▶ Work order:
Only the lines from the one containing "Soft Blossom from" to the end of the records belong in the answer; repeat them exactly and drop the pictures.

Top of Extracted records

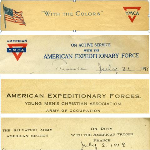 Apparently the stationary was supplied by different groups. Take a look at these four examples of letterhead from Vernon’s letters, here supplied by the YMCA and the Salvation Army. It’s clear that the writer took whatever stationary he could find.
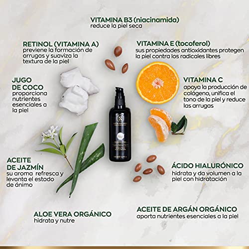 - BENEFICIOS PARA TU BELLEZA: el retinol combina aloe vera orgánico, vitamina C, ácido hialurónico, coco y aceite de argán en esta exclusiva combinación para el cuidado de la piel. Esse serum facial antiarrugas protege la piel contra los radicales libres; reduce las manchas de pigmentación; estimula la renovación celular en la capa superior de la piel y la producción de colágeno en las capas inferiores; reduce la destrucción de colágeno relacionada con la edad.
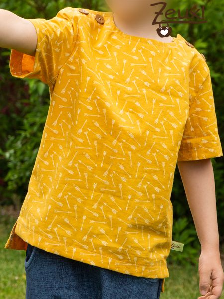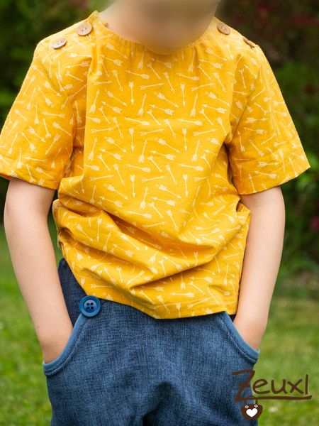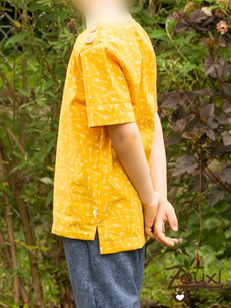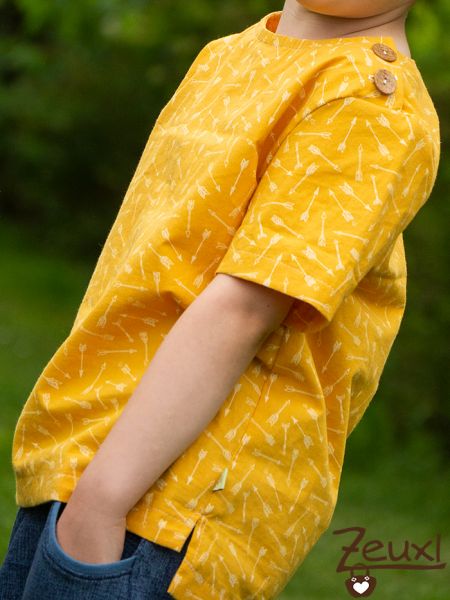 An heißen Sommertagen ist leichte Baumwollkleidung genau das Richtige auf der Haut und der Sommer wird demnächst durchstarten, da bin ich mir sicher. Das erste Knopfhemd, das ich zeige, ist deswegen aus ganz leichter Baumwolle mit Pfeilen drauf. Gerade für so leichte Stoffe ist der Schnitt perfekt geeignet. Ich mag besonders, dass aus verschiedenen Optionen gewählt werden kann und so optisch unterschiedliche Hemden entstehen können. Hier ist es die Variante mit den Knopfleisten an den Schultern.
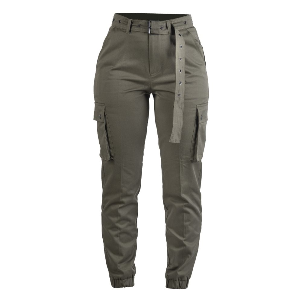 Pantaloni damă Army stil Slim-Fit cu talie înaltă. Design plăcut, material rezistent și curea detașabilă inclusă.
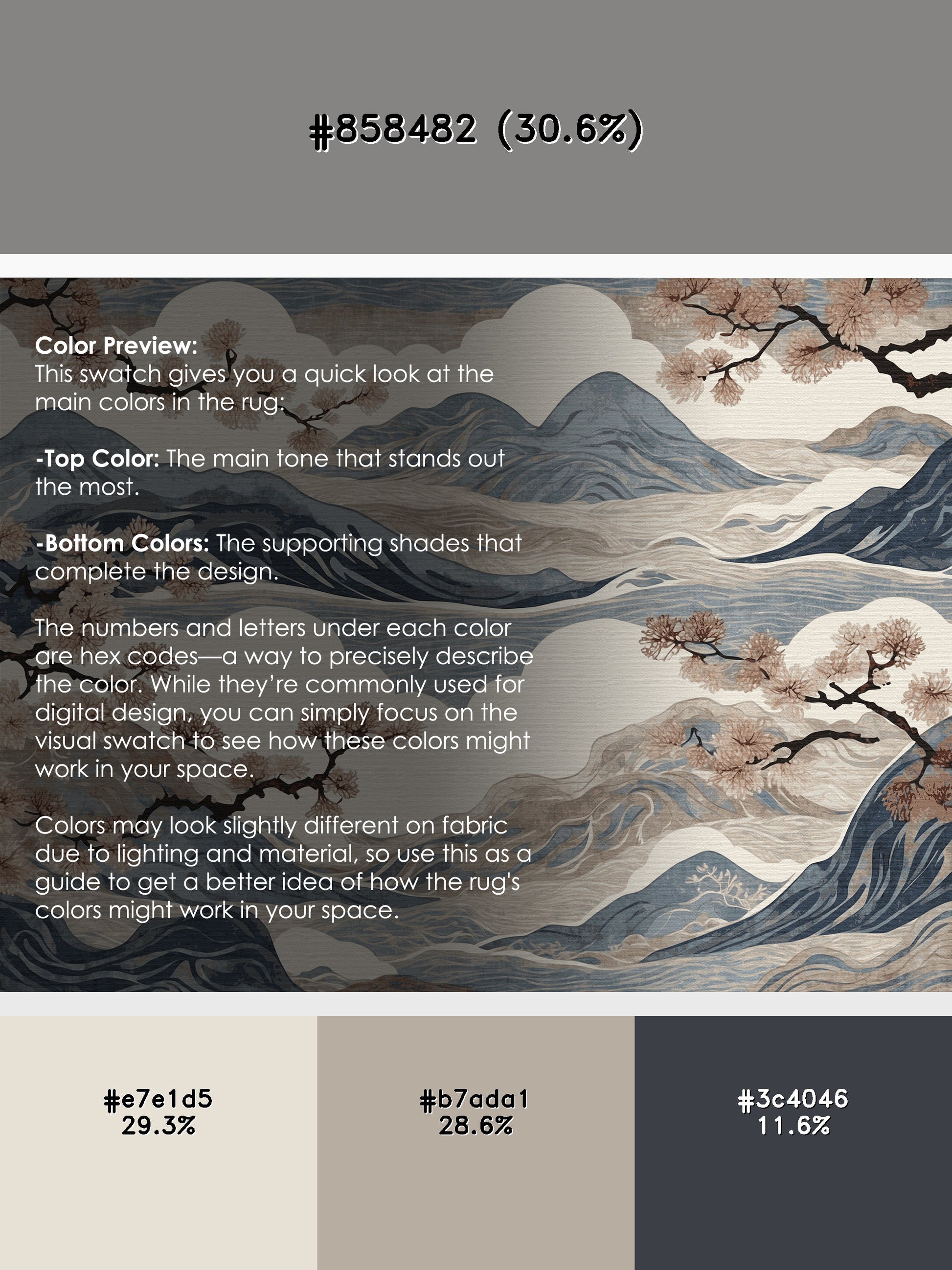 Soft Blossom from the Sakura Waves collection captures the timeless elegance of Japanese artistry with its captivating Granite color (A warm, earthy gray inspired by natural stone textures.), a refined tone in the Gray color family. Featuring delicate cherry blossom motifs and flowing wave-inspired patterns, this rug evokes the serene beauty of nature and the transient charm of sakura in bloom. Finished with Gray serging a durable edge that enhances its artistic appeal this rug is crafted from premium polyester and machine-made in the USA with imported materials. Perfect for minimalist living rooms, tranquil bedrooms, or zen-inspired spaces, this design blends cultural sophistication with modern functionality. Available in multiple sizes, the Sakura Waves collection transforms your home into a serene retreat, balancing artistic expression and versatile style seamlessly.
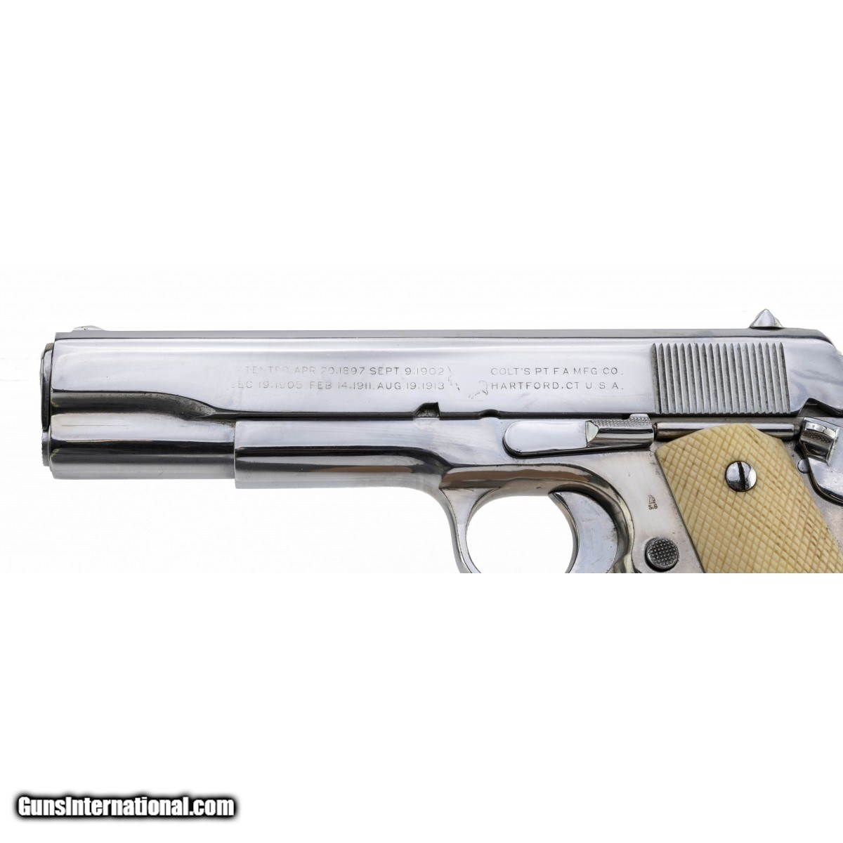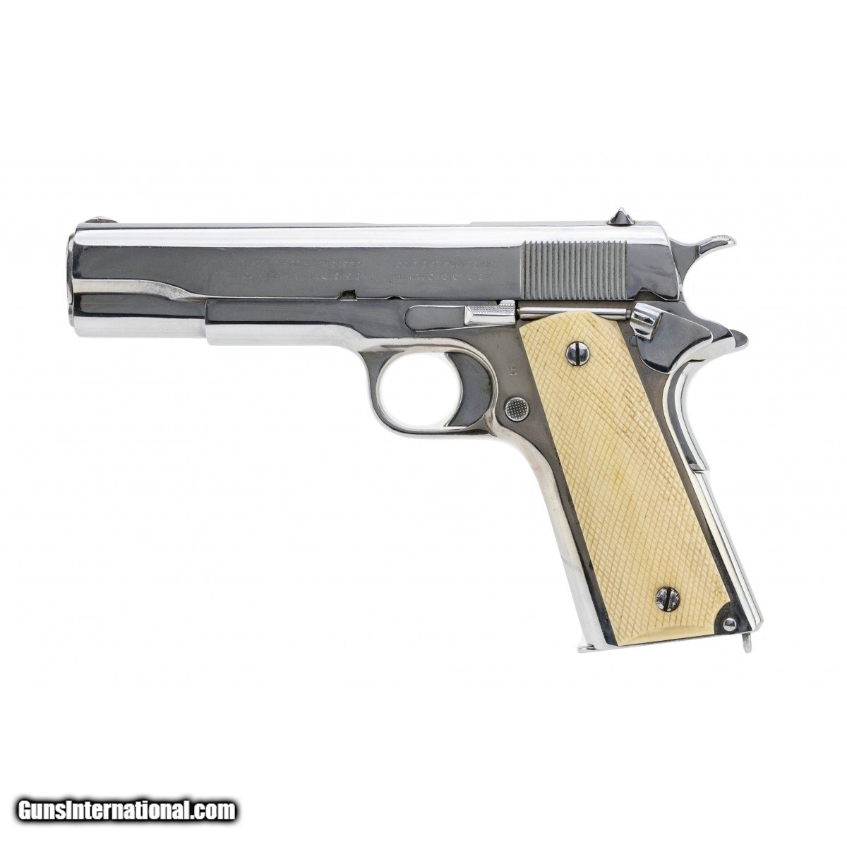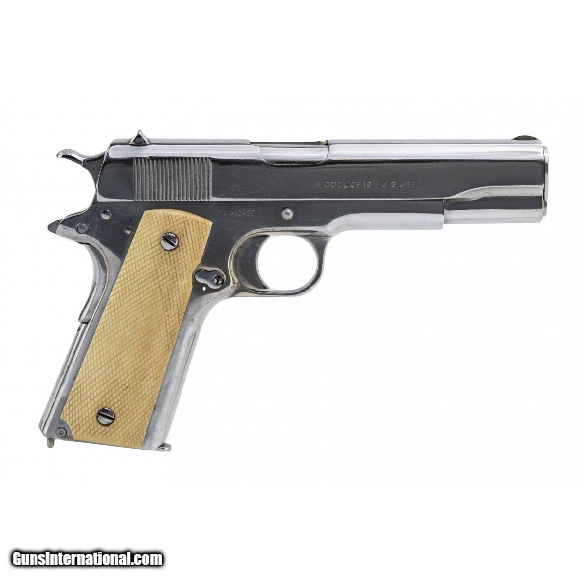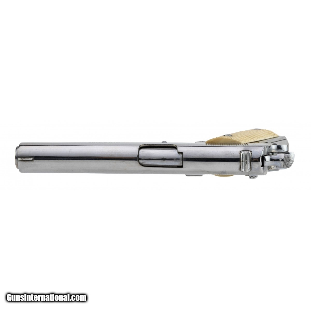 Description: " Customized U.S. military pistol. The gun has been chrome plated, which is very common for G.I. bring back pistols. The finish is in very good condition with light wear. The bore is good with light frosting throughout. The grips are old checkered ivory. A neat looking old school barbecue gun. SOLD |
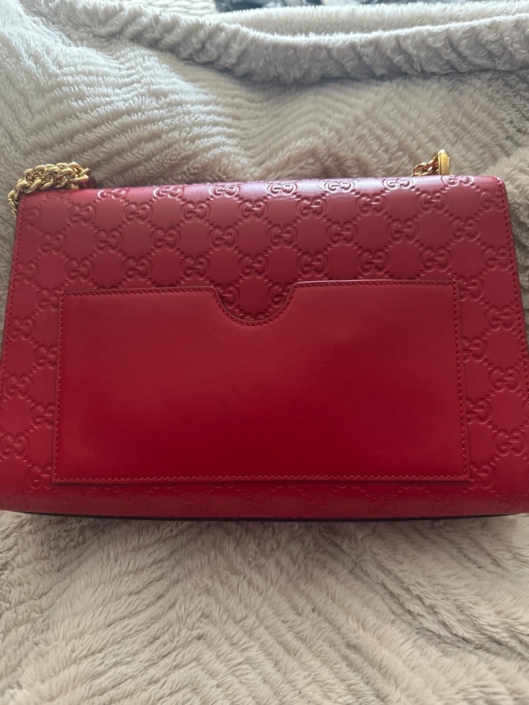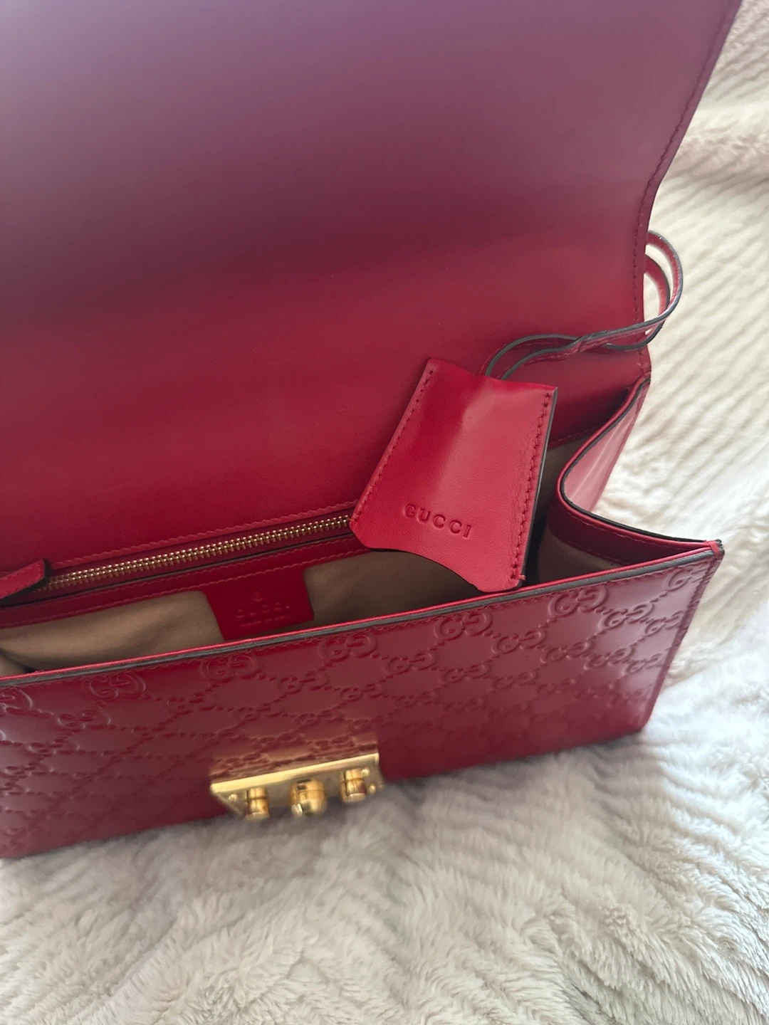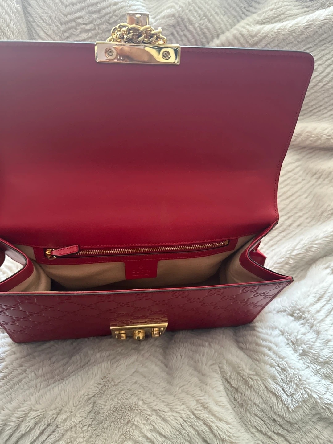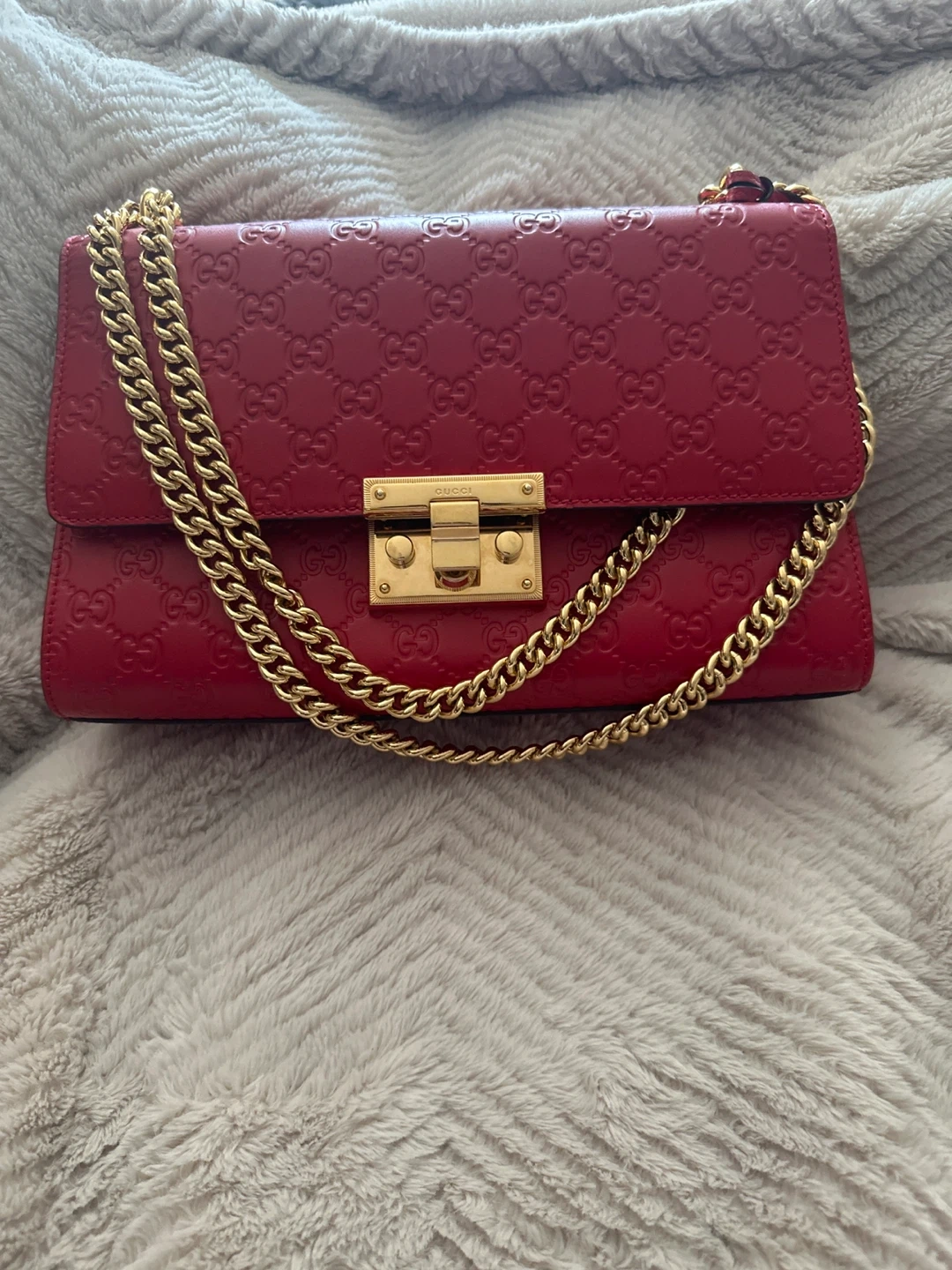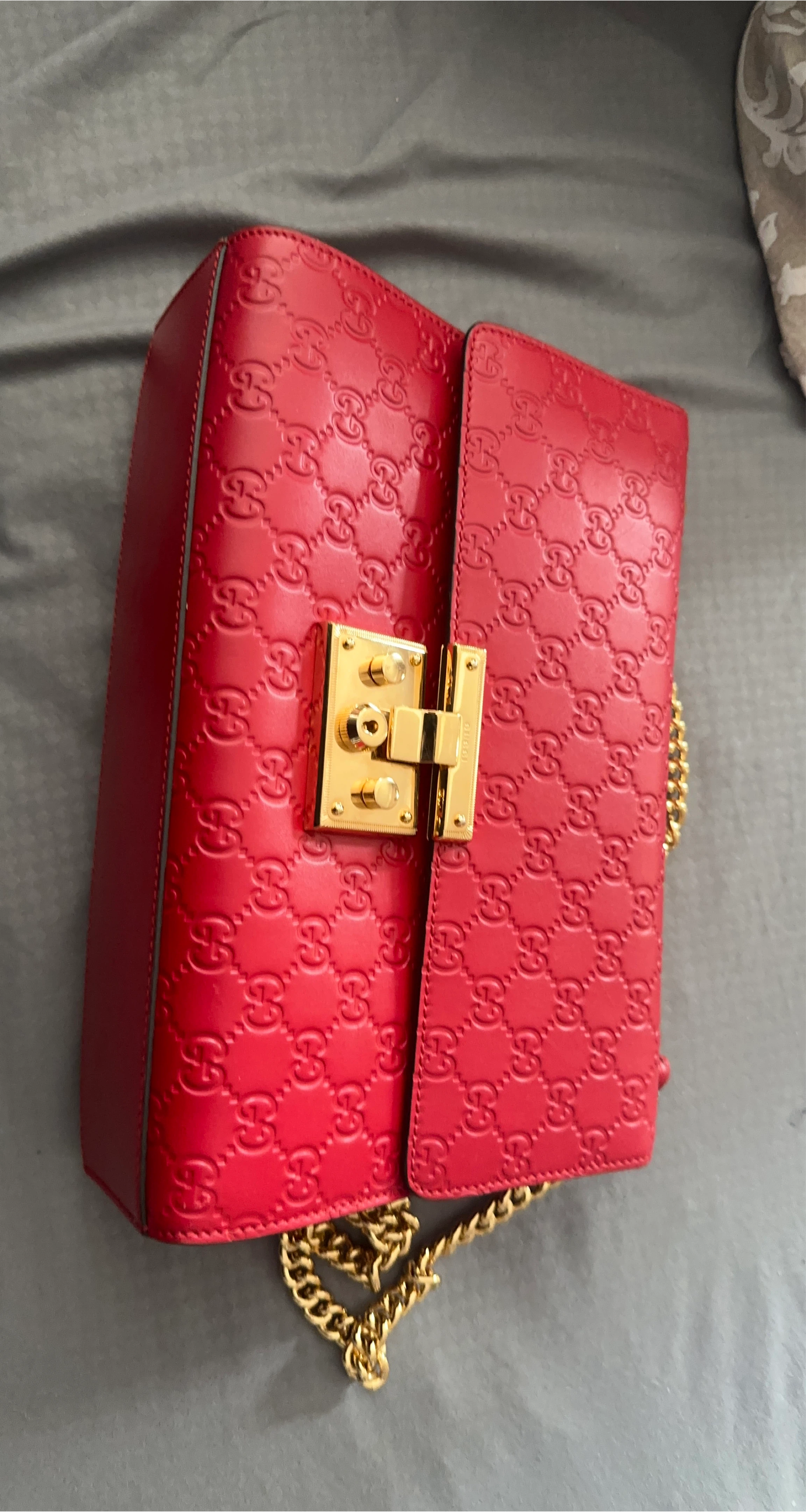 60Selling a beautiful Gucci shoulder bag in red embossed leather. It features a gold chain strap and a unique lock closure. It's in great condition and ready for a new home!

Bottom of Extracted records

▶ Response area:
 Soft Blossom from the Sakura Waves collection captures the timeless elegance of Japanese artistry with its captivating Granite color (A warm, earthy gray inspired by natural stone textures.), a refined tone in the Gray color family. Featuring delicate cherry blossom motifs and flowing wave-inspired patterns, this rug evokes the serene beauty of nature and the transient charm of sakura in bloom. Finished with Gray serging a durable edge that enhances its artistic appeal this rug is crafted from premium polyester and machine-made in the USA with imported materials. Perfect for minimalist living rooms, tranquil bedrooms, or zen-inspired spaces, this design blends cultural sophistication with modern functionality. Available in multiple sizes, the Sakura Waves collection transforms your home into a serene retreat, balancing artistic expression and versatile style seamlessly.
 Description: " Customized U.S. military pistol. The gun has been chrome plated, which is very common for G.I. bring back pistols. The finish is in very good condition with light wear. The bore is good with light frosting throughout. The grips are old checkered ivory. A neat looking old school barbecue gun. SOLD |
 60Selling a beautiful Gucci shoulder bag in red embossed leather. It features a gold chain strap and a unique lock closure. It's in great condition and ready for a new home!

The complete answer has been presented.